Understanding the Problem:
The Fibonacci sequence is defined recursively:
- F(0) = 0
- F(1) = 1
- F(n) = F(n-1) + F(n-2) for n > 1
A naive recursive approach leads to exponential time complexity (O(2^n)) due to redundant calculations. We can drastically improve this.
Optimized Solutions:
Iterative Approach (Linear Time Complexity)
def fibonacci_iterative(n):
a, b = 0, 1
for _ in range(n):
a, b = b, a + b
return a
print(fibonacci_iterative(10)) # Output: 55
- Explanation: We directly compute successive Fibonacci numbers in a loop, storing only the previous two values to calculate the next one. This has O(n) time complexity.
Dynamic Programming with Memoization (Linear Time Complexity)

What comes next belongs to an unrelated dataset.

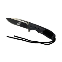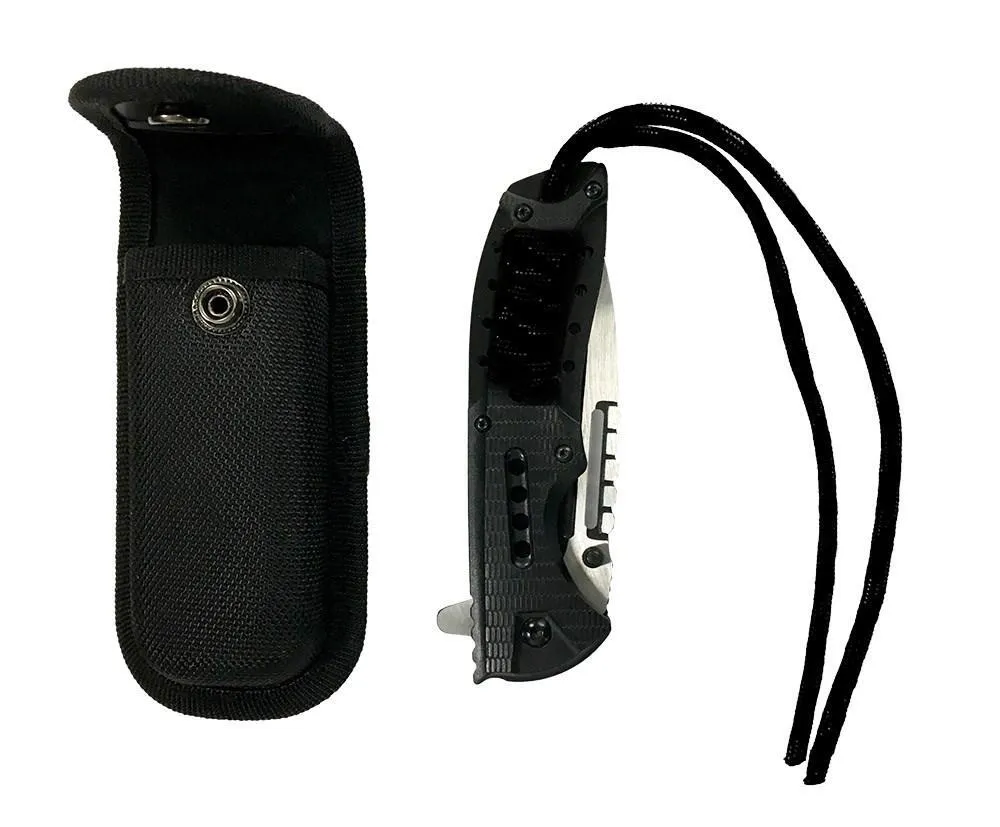 CAOS TACTICAL Folding Survival Knife comes complete with paracord rope embedded in the handle and a quality nylon belt pouch. This Folding Survival Knife with pocket clip and lanyard is equipped with a thumb stud for opening and two-part locking mechanism. The handle is made of durable plastic with an embedded non-slip design. A solid general-purpose knife that comes into its own as a Survival Knife. Built to work and can be trusted when camping, hiking, hunting or in general outdoor and survival emergencies.

def fibonacci_memoization(n, memo={}):
if n in memo:
return memo[n]
if n <= 1:
return n
result = fibonacci_memoization(n-1, memo) + fibonacci_memoization(n-2, memo)
memo[n] = result
return result
print(fibonacci_memoization(10)) # Output: 55
- Explanation: We store the results of calculated Fibonacci numbers to avoid redundant recalculations. This also achieves O(n) time complexity, especially effective when you need multiple Fibonacci numbers in the sequence.
Why These Are Optimal:
These solutions have a linear time complexity of O(n), meaning the execution time grows proportionally to the input size (n). This is the best achievable time complexity for generating Fibonacci numbers, as you need to calculate each number in the sequence.
Key Points:
- The iterative approach is often slightly faster in practice due to less function call overhead.
- Dynamic Programming is more elegant for scenarios where you need to calculate various Fibonacci numbers repeatedly.